Lo primero que el director decide mostrar en la pantalla, es una cita de la novela Un


viaje de Noche, de Louis-Ferdinand Céline, epígrafe que funciona de antesala: “Nuestro
viaje es enteramente imaginario. Ahí reside su fuerza. Va de la vida a la muerte”. Lo que
está por verse en la película es un breve ensayo sobre ese viaje del hombre, dónde
Gambardella, majestuosamente interpretado por Toni Servillo, no es sólo un escritor
cualquiera sino un tipo de Virgilio, acompañante del espectador, del turista del mundo, en
ese viaje existencial diegético que afronta el hecho de estar arrojados al mundo, y que
recordando a Heidegger, remarca que el hombre es ser para la muerte.

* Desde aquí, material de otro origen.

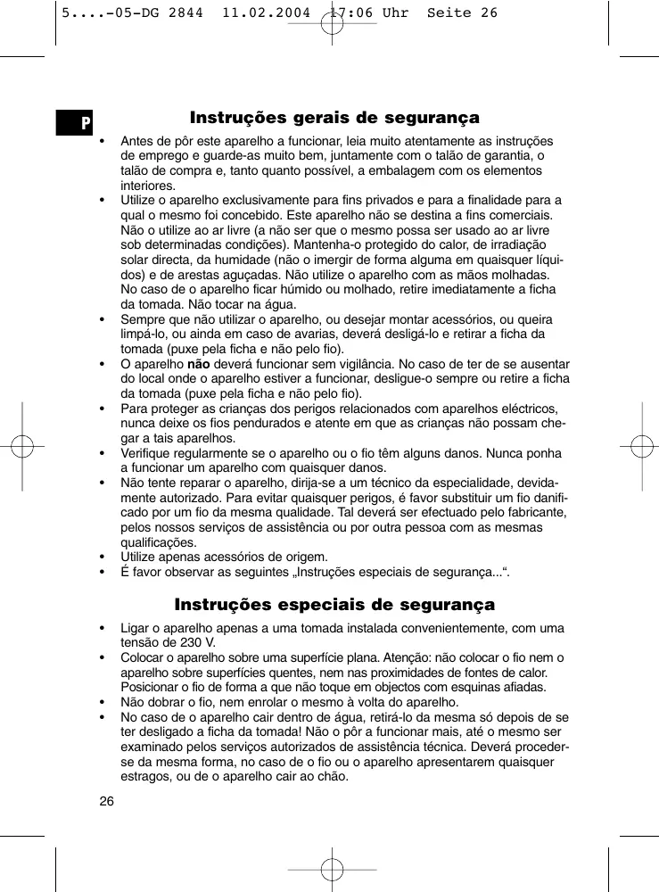 - Utilize o aparelho exclusivamente para fins privados e para a finalidade para a qual o mesmo foi concebido. Este aparelho não se destina a fins commerciais. Não o utilize ao ar livre (a não se ser que o mesmo possa ser uso ao ar livre sob determinadas condições). Mantenha-o protegido do calor, de iradiação solar directa, da humidade (não o imergir de forma alguma em quaisquer liquidos) e de arestas aguçadas. Não utilize o aparelho com as mões molhadas. No caso de o aparelho ficar húmido ou molhado, retire imeditamente a ficha da tomada. Não tocar na agua.

Para lograr más empatía, hay que conocer a Gambardella. Es un dramaturgo afamado
que recién cumplió 65 años, sólo ha escrito un libro, vive en espera de la grande belleza y
atrapado en la pregunta del otro que irremediablemente cuestiona el porqué no ha vuelto a
hacer novela. Es refinado, elocuente y de gran retórica. Prefiere la noche, las fiestas, las
pláticas vacías que permitan darle la vuelta a lo real, a la pesadez de la vida. Es un vampiro,
claro alegóricamente, presa de una estocada existencial: persigue vanamente los destellos
de lo bello. Le cuesta trabajo asimilar el movimiento de la gente a la luz del sol, dinamismo
puro sin el mayor examen socrático de consciencia. Gambardella es pues, el rey de los
mundanos, lo que queda de esa brecha irreconciliable entre el materialismo y la
espiritualidad, un misántropo, angustia, cualquiera de nosotros.
Sorrentino logra grandes méritos, es su guion refinado el que logra hacer de Jep
Gambardella el cliché encarnado del poeta, literato, filósofo e intelectual que vive en la
contemplación del mundo, siempre a la distancia. Roma y la clase alta sirve maliciosamente
de escenario. Ahí Gambardella, busca las fiestas no por diversión sino por esquivar el viaje
hacia la muerte, son su refugio. La vista al Coliseo desde su apartamento le reitera
constantemente la fragilidad del humano, ha gastado gran parte de su vida desatándose de
la ordinario aún cuando sabe que toda obra emprendida será siempre la piedra de Sísifo, un
viaje absurdo consumido por el tiempo, por la historia. En ese anfiteatro que se yergue a
pedazos frente a su casa, murieron miles de personas intentando sobrevivir y han sido
borradas por la vida. Roma sigue ahí a pesar de los hombres que la forjaron… de él.

La grande belleza, es circularmente una gran película. Belleza visual, narrativa y


poética. Lírica vanguardista, armonía, disrupción, barroco. Una obra que refleja de manera
fiel el surrealismo de la vida. Sorrentino mantiene los pies en la tierra, le importa las raíces,
no le interesa el más allá. Es un pragmático, por eso ha agradecido el premio de la
Academia incluso a Maradona. La grande belleza, sin duda, es presa de uno de los guiones
más soberbios, inteligentes y poéticos de los últimos años. Cine italiano de molde clásico
con ingredientes modernos. Un buen sabor de boca.